Problem requirements:
Would you please copy all of the data exactly, skipping the images?

Source data
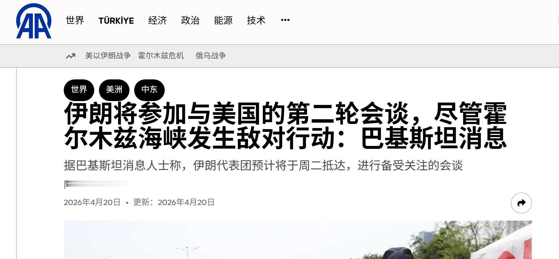 在美国宣布4月21日举行对伊会谈后,土耳其安纳托卢通讯社援引巴基斯坦官员的消息称,伊朗将在4月22日抵达伊斯兰堡,与美国进行二轮和谈。
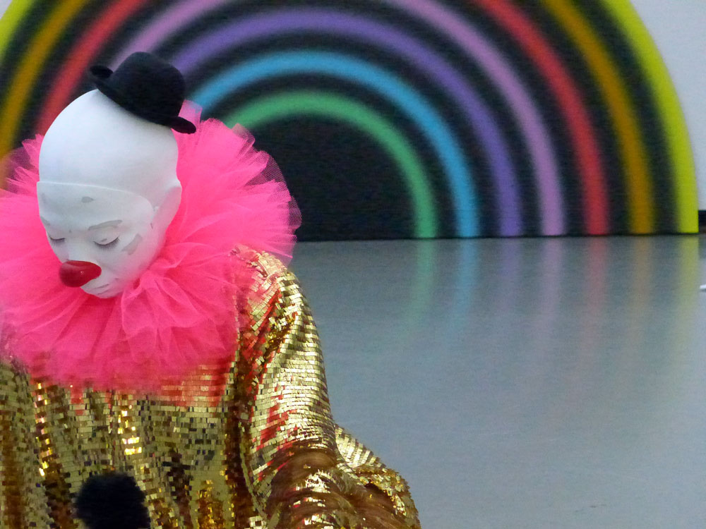 Rondinone’s ‘Vocabulary of Solitude‘ sees an installation of new and existing works that cover the colour spectrum and include 45 life-size passive clowns displayed in various positions. Each clown is named after an every-day activity: dream, sleep, yawn, read – and aim to show a person’s solitary day at home.
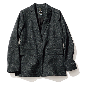 黒ツイードジャケット 60,500円/グリードインターナショナル ネップのような細かなツイード。コンパクトなえりでスタイリッシュ。白も感じるツイードの仕立てなら、端正な形でも緊張しすぎず使える場面も幅広い。
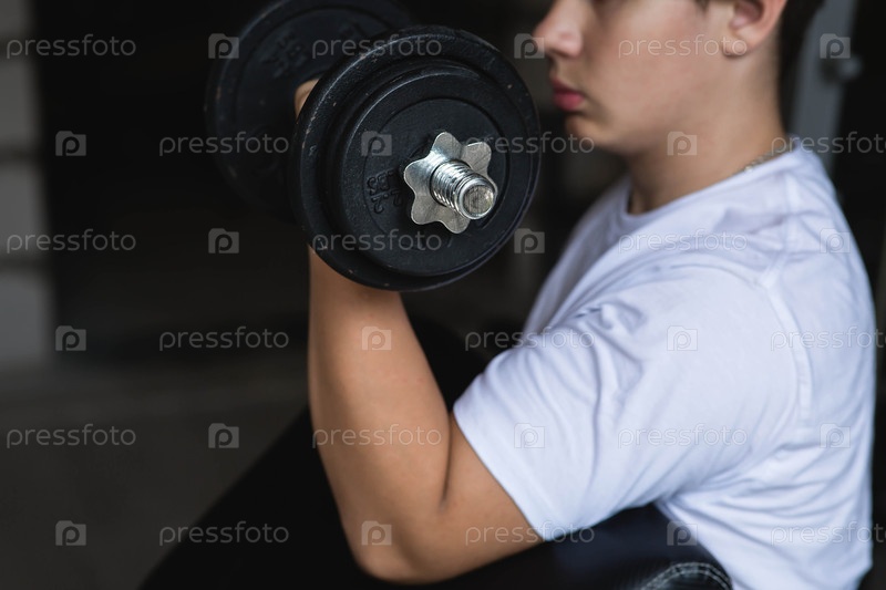 На снимке молодой человек, занимающийся упражнениями руками с помощью гантели. Строительство мышц. Спорт и здоровый образ жизни
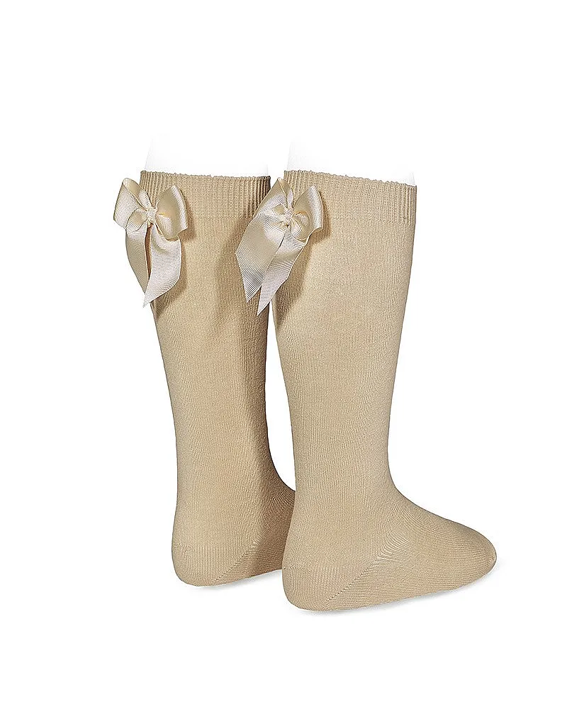 CALCETIN ALTO PUNTO LISO CON LAZO CAMEL

Task solution:
 在美国宣布4月21日举行对伊会谈后,土耳其安纳托卢通讯社援引巴基斯坦官员的消息称,伊朗将在4月22日抵达伊斯兰堡,与美国进行二轮和谈。
 Rondinone’s ‘Vocabulary of Solitude‘ sees an installation of new and existing works that cover the colour spectrum and include 45 life-size passive clowns displayed in various positions. Each clown is named after an every-day activity: dream, sleep, yawn, read – and aim to show a person’s solitary day at home.
 黒ツイードジャケット 60,500円/グリードインターナショナル ネップのような細かなツイード。コンパクトなえりでスタイリッシュ。白も感じるツイードの仕立てなら、端正な形でも緊張しすぎず使える場面も幅広い。
 На снимке молодой человек, занимающийся упражнениями руками с помощью гантели. Строительство мышц. Спорт и здоровый образ жизни
 CALCETIN ALTO PUNTO LISO CON LAZO CAMEL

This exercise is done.